From the Guidelines
Copaxone (glatiramer acetate) is a viable treatment option for relapsing forms of multiple sclerosis (MS), with a relatively favorable safety profile and efficacy in reducing relapse rates, as evidenced by studies such as the PRECISE trial 1.
Key Considerations
- The standard dosing regimens for Copaxone include either 20 mg injected subcutaneously daily or 40 mg injected three times per week, with at least 48 hours between injections.
- Patients should rotate injection sites among arms, thighs, hips, and abdomen to minimize injection site reactions.
- Common side effects include injection site reactions (redness, pain, swelling), post-injection reaction (flushing, chest pain, anxiety, difficulty breathing), and less commonly, lipoatrophy at injection sites.
Efficacy and Safety
- Copaxone has been shown to be effective in reducing the frequency of MS relapses and potentially slowing disease progression, as demonstrated in studies such as the Sormani et al. trial 1.
- The medication works by mimicking myelin basic protein, which diverts the immune system from attacking the body's own myelin.
- Copaxone is generally well-tolerated compared to other MS medications and doesn't require regular blood monitoring.
- It's pregnancy category B, making it one of the safer MS treatments for women considering pregnancy.
Comparison to Other Treatments
- The choice of Copaxone versus other disease-modifying therapies (DMTs) for MS should be individualized based on patient-specific factors, including disease severity, treatment history, and tolerability.
- Recent studies, such as the autologous haematopoietic stem cell transplantation for treatment of multiple sclerosis and neuromyelitis optica spectrum disorder recommendations from ECTRIMS and the EBMT 1, highlight the importance of considering various treatment options for MS patients.
Clinical Recommendations
- Healthcare providers should consider Copaxone as a treatment option for patients with relapsing forms of MS, particularly those who have failed or are intolerant to other DMTs 1.
- Patients should be closely monitored for injection site reactions and other potential side effects, and dosing regimens should be adjusted as needed to minimize adverse effects.
- Regular follow-up appointments and MRI monitoring can help assess treatment efficacy and guide adjustments to the treatment plan.
From the FDA Drug Label
Glatiramer acetate injection is a prescription medicine that is used to treat relapsing forms of multiple sclerosis (MS), to include clinically isolated syndrome, relapsing-remitting disease, and active secondary progressive disease, in adults.
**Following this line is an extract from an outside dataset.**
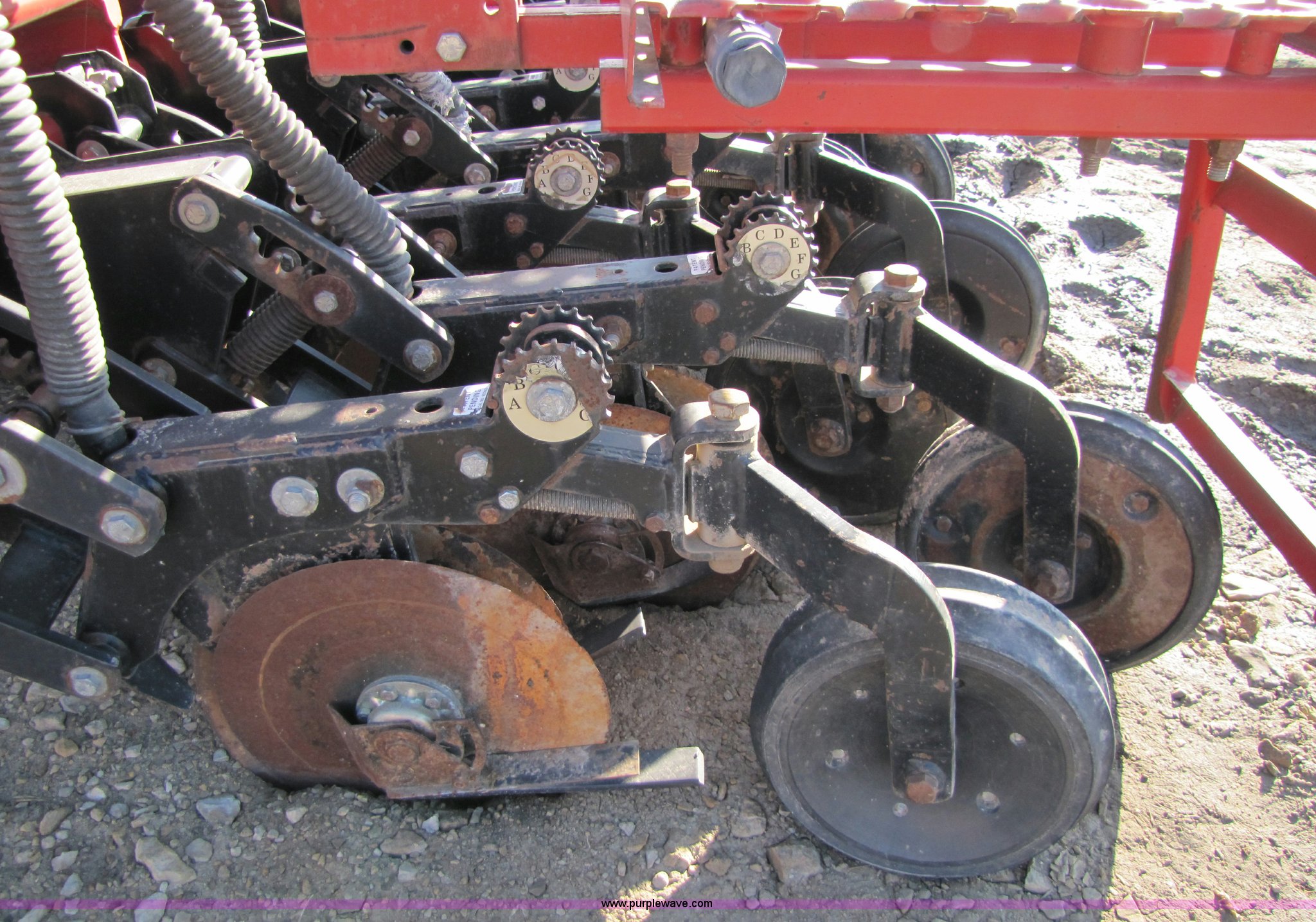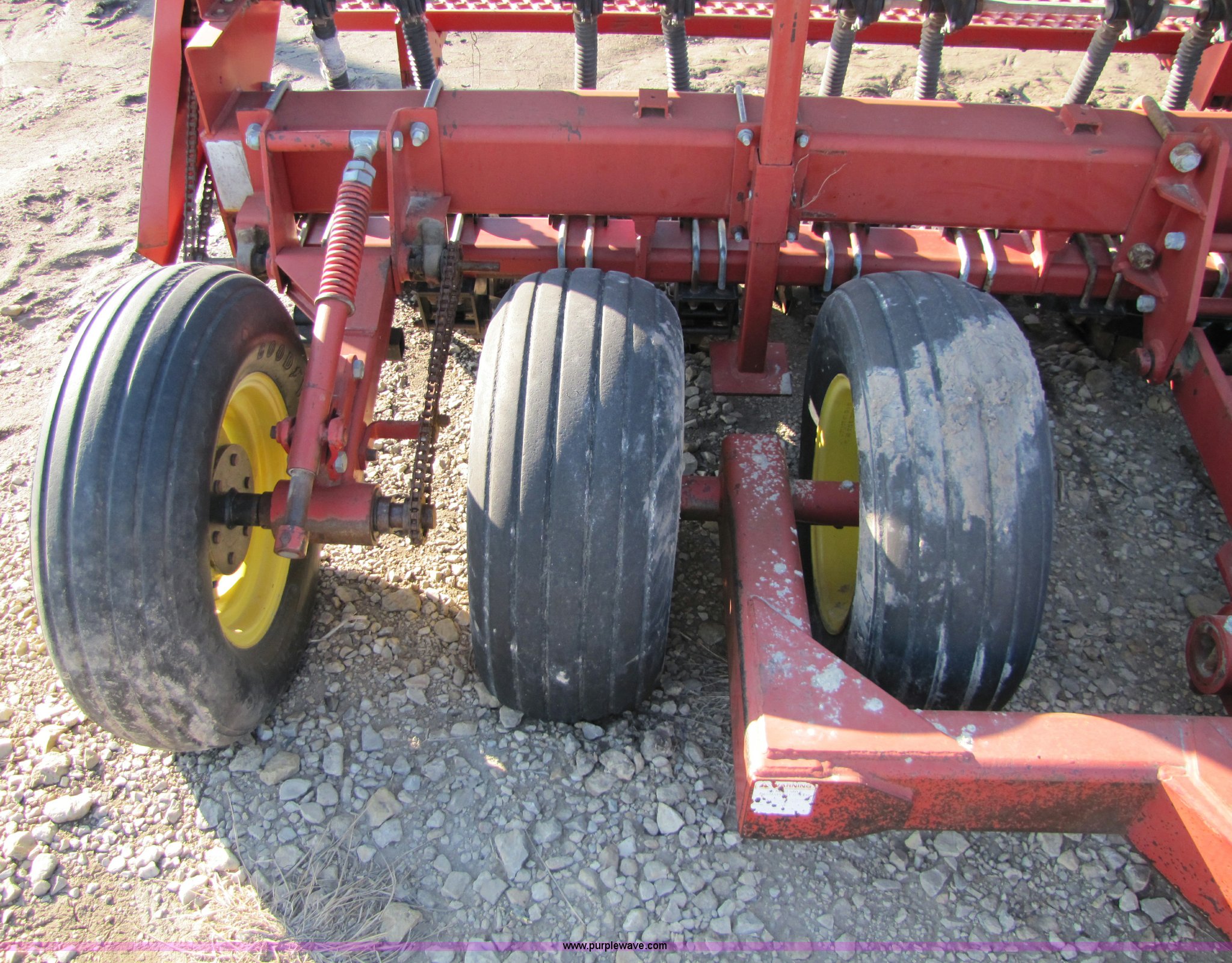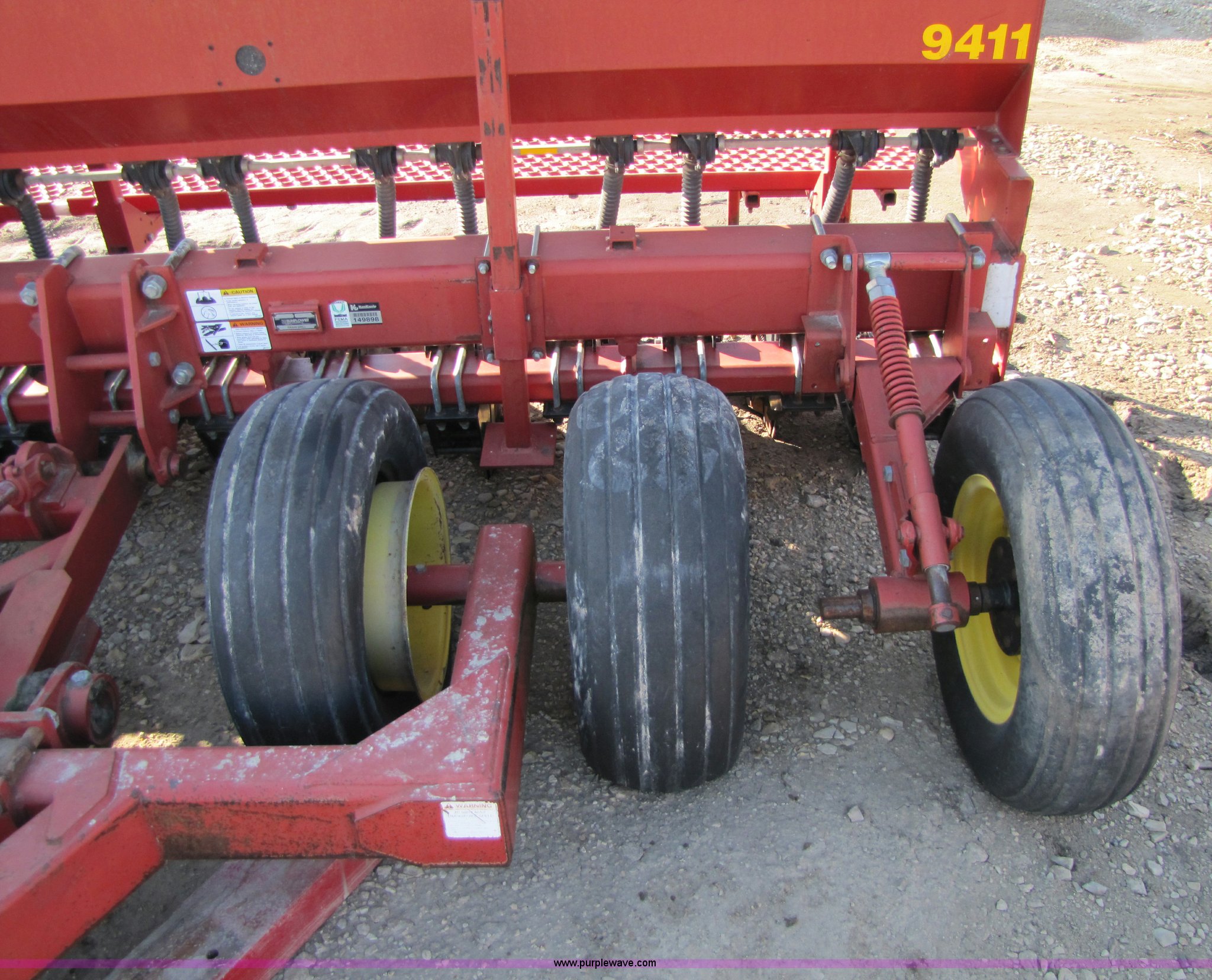 Purple Wave is selling a used Grain Drill or Seeder in Kansas. This item is a Sunflower 9411-15 drill with the following: 18 hole, 15'W, 10" spacing, Double disk, Some press wheels and bearing replaced, Tires will be fixed by time of sale, Serial 9437-104

The main use of Copaxone (Glatiramer acetate) is to treat relapsing forms of multiple sclerosis (MS) in adults, including:
- Clinically isolated syndrome
- Relapsing-remitting disease
- Active secondary progressive disease 2
From the Research
Overview of Copaxone
- Copaxone, also known as glatiramer acetate, is a disease-modifying therapy (DMT) used to treat relapsing-remitting multiple sclerosis (RRMS) 3.
- It is administered subcutaneously and has been shown to reduce relapses and delay disability progression in patients with RRMS 4.
Efficacy of Copaxone
- Studies have demonstrated that Copaxone is effective in reducing relapse rates and slowing disability progression in patients with RRMS 4, 5.
- A network meta-analysis found that Copaxone probably moderately decreases people with relapses at 24 months, with a relative risk of 0.84 (95% CI 0.76 to 0.93) 5.
- Another study found that Copaxone reduced relapses and clinical progression compared to placebo or standard treatment, with a relative net benefit-risk difference of 10.2% in favor of Copaxone compared to placebo 4.
Safety of Copaxone
- Copaxone has been shown to have a favorable safety profile, with serious adverse events (SAEs) reported in a similar frequency to placebo 5.
- However, treatment discontinuation due to adverse events was probably slightly increased with Copaxone, with an odds ratio of 1.48 (95% CI 1.01 to 2.14) 5.
- A study found that study discontinuations due to adverse events were similar for Copaxone and interferons, with a relative risk of 0.89 (95% CI 0.57 to 1.41) 4.
Comparison to Other DMTs
- Copaxone has been compared to other DMTs, including interferon beta-1a, natalizumab, and fingolimod, in terms of efficacy and safety 5.
- The network meta-analysis found that natalizumab, cladribine, and alemtuzumab were more effective than Copaxone in reducing relapses, but Copaxone had a more favorable safety profile 5.
- Another study found that Copaxone had comparable persistence and relapse outcomes to subcutaneous interferon beta-1a, but better safety outcomes 6.